Um mês após ser iniciada, a mobilização dos professores do magistério estadual segue em parte das escolas de Erechim. A decisão de dar continuidade à greve deflagrada pelo Centro dos Professores do Estado do RS (Cpers) aconteceu em assembleia geral da categoria, realizada na última sexta-feira (29), em Porto Alegre, dando novos desdobramentos ao movimento na cidade polo do Alto Uruguai. Segundo o 15º núcleo do sindicato, pelo menos quatro escolas da rede estadual seguem com as atividades paralisadas parcial ou integralmente: JB, Haidée Tedesco Reali, Bela Vista e Santo Agostinho. Outras ainda mantém a realização de aulas em períodos concentrados.

Para a tarde desta terça-feira (3), está programado um conselho regional ampliado na sede do núcleo em Erechim, no qual devem participar professores de Erechim e região. Na pauta está a avaliação da greve e o planejamento das próximas mobilizações. De acordo com a diretora regional do Cpers, Marisa Inês Betiato, o sindicato deve dar sequência às ações de mobilização. “Já temos várias visitas em escolas já agendadas e seguiremos mobilizando a categoria contra projetos que tiram o direito dos trabalhadores”, ressaltou.

Questionada sobre a decisão do Estado de priorizar o pagamento de servidores com menores salários (até R$1,7 mil), a sindicalista elencou dados do Dieese, salientando que neste formato, apenas 19,7% dos professores e 48% dos funcionários foram pagos na última sexta-feira. “Apesar de não termos parcelamento, a maioria dos professores segue sem pagamento, assim como mais de metade dos funcionários”, pontuou. Os servidores que recebem até R$ 4 mil deverão receber a partir do dia 7 e os demais só depois do dia 17 de outubro.

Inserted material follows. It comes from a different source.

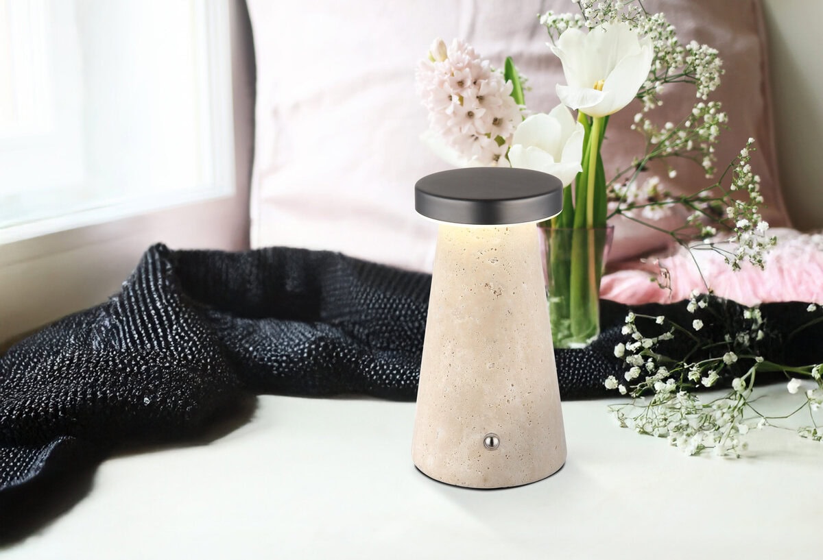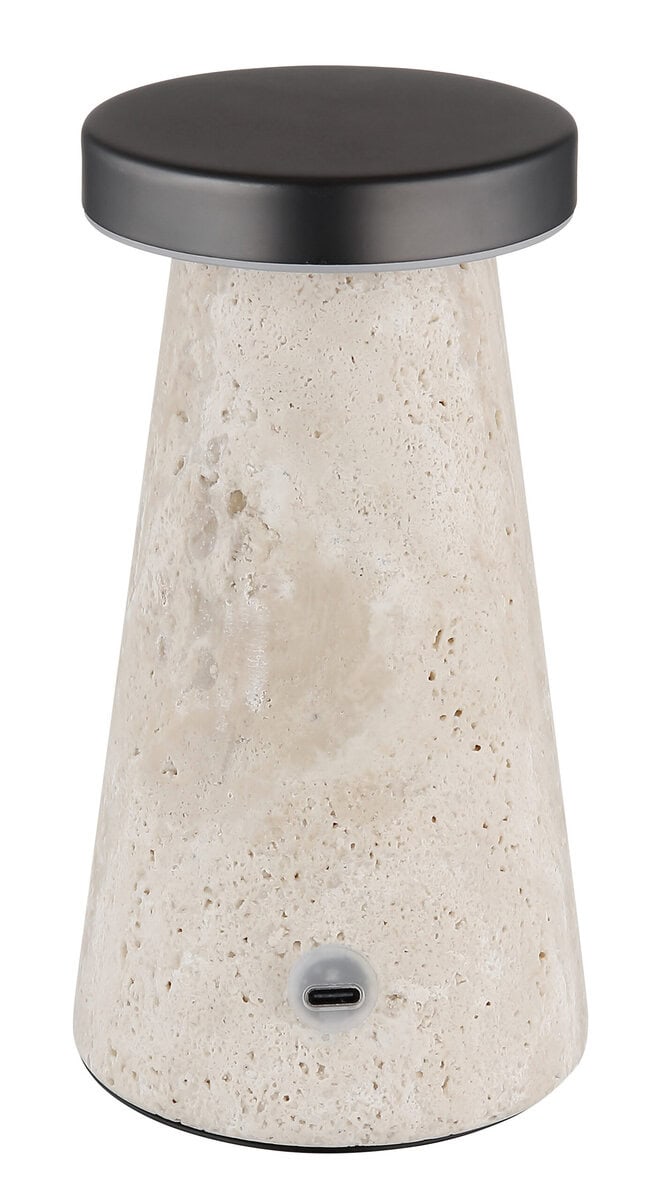 Stona lampa Travertin Stone Grey kombinuje elegantan dizajn sa praktičnom funkcionalnošću. Kućište od sivog travertina i crno-hrom metalna nijansa dodaju stilski naglasak svakoj prostoriji. Opalno plastično sjenilo pruža meko, ugodno svjetlo. Uz beskonačni dimer na dodir, svjetlina se može individualno podesiti, dok se boje mogu fiksirati, a memorijska funkcija čuva vaše željene postavke. Svjetlo nudi svjetlosni učinak od 138 lumena i CCT funkciju od 2700K do 4500K tako da uvijek možete stvoriti savršeno svjetlosno raspoloženje. Također svijetli tokom punjenja i potrebno je otprilike 4 sata da se potpuno napuni. Vrijeme osvjetljenja je približno 6 sati. Uključujući USB kabl za punjenje i adapter, odmah je spreman za upotrebu. Kontrola za uključivanje/isključivanje na dodir osigurava praktično rukovanje. Ova stolna lampa nije samo privlačna, već je i praktično i moderno rješenje za rasvjetu.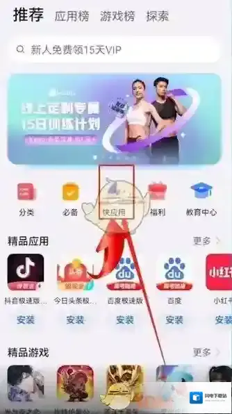 1、打开华为应用商店选择进入幻灯片下方的快应用。

Na manhã de ontem (2), o núcleo de secretários da Coordenação de Governo recebeu as lideranças das Coordenadorias Regionais de Educação (CREs) para dialogar sobre a situação financeira do Estado e as medidas que estão sendo tomadas para o equilíbrio financeiro e fiscal do Rio Grande do Sul. A reunião teve como objetivo principal comunicar aos coordenadores que o canal de diálogo entre o governo e as escolas se mantém aberto, e também alertar para os riscos ao ano letivo causados pela greve de professores.

Corte do ponto

Na última sexta-feira (29), o governo do Estado divulgou nota explanando sua decisão de cortar o ponto de servidores grevistas, argumentando que até aquele dia 47% dos servidores da Educação já haviam recebido seus salários integralmente e que até 11 de outubro o pagamento da maioria estaria quitado. Ao definir o movimento deflagrado pelo Cpers como “tentativa de gerar tensão social”, afirmando ser este comandado por “atores políticos que agravaram a atual crise quando estavam no governo”, a nota pontuava ainda que os envolvidos “não estão preocupados com a educação, mas com seus próprios objetivos eleitorais”.

No dia seguinte, porém, o comando de greve do Cpers divulgou nota comunica que o sindicato ganhou um mandado de segurança contra o corte do ponto dos educadores protocolado pela assessoria jurídica do sindicato no Tribunal de Justiça do Rio Grande do Sul.